◆ **DESCRIPTION OF THE TASK**
Would you copy the lines below exactly and omit the images?

◆ **DATA PROVIDED**
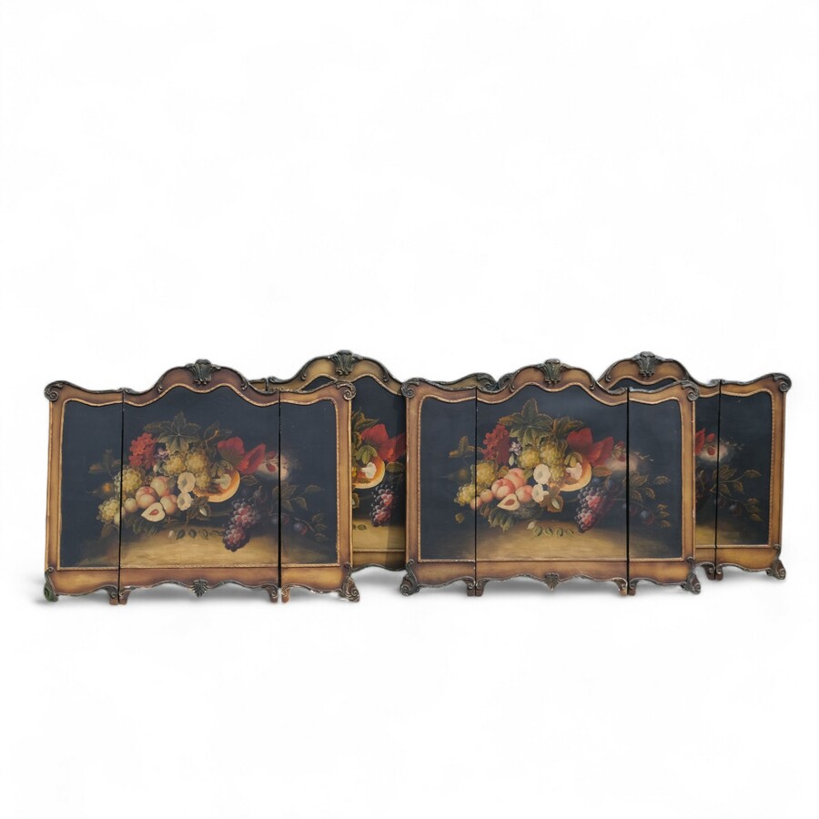 Lot van vier 20e eeuwse haardschermen, beschilderd met bloemen en vruchten. Barok stijl.
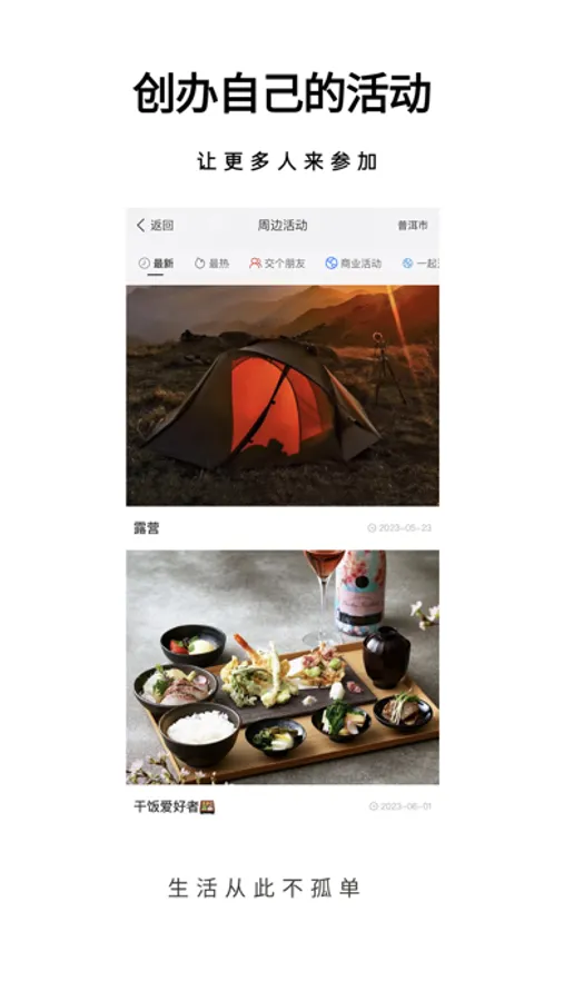 人与人之间最好的联系方式就是面对面交流。因此我们提供了建立活动的功能。您可以在APP里创建一个免费或者收费的活动,邀请其他用户参加。您也可以发现周边各种各样有趣的线下活动去参加。这将为您提供一个更加直接的社交体验,也将让您认识更多志同道合的朋友。
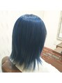 リタッチブリーチで伸びた根本をきれいにムラ無く明るくし、オンカラー発色のいいブルーアッシュで今風により色白で美しく
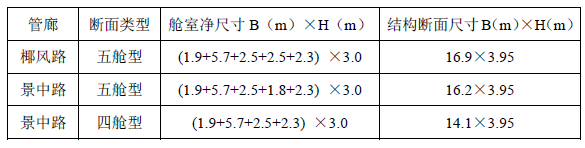 本次設(shè)計(jì)綜合管廊根據(jù)入廊管線情況與建設(shè)條件,管廊斷面尺寸為:

◆ **EXERCISE RESPONSE**
 Lot van vier 20e eeuwse haardschermen, beschilderd met bloemen en vruchten. Barok stijl.
 人与人之间最好的联系方式就是面对面交流。因此我们提供了建立活动的功能。您可以在APP里创建一个免费或者收费的活动,邀请其他用户参加。您也可以发现周边各种各样有趣的线下活动去参加。这将为您提供一个更加直接的社交体验,也将让您认识更多志同道合的朋友。
 リタッチブリーチで伸びた根本をきれいにムラ無く明るくし、オンカラー発色のいいブルーアッシュで今風により色白で美しく
 本次設(shè)計(jì)綜合管廊根據(jù)入廊管線情況與建設(shè)條件,管廊斷面尺寸為:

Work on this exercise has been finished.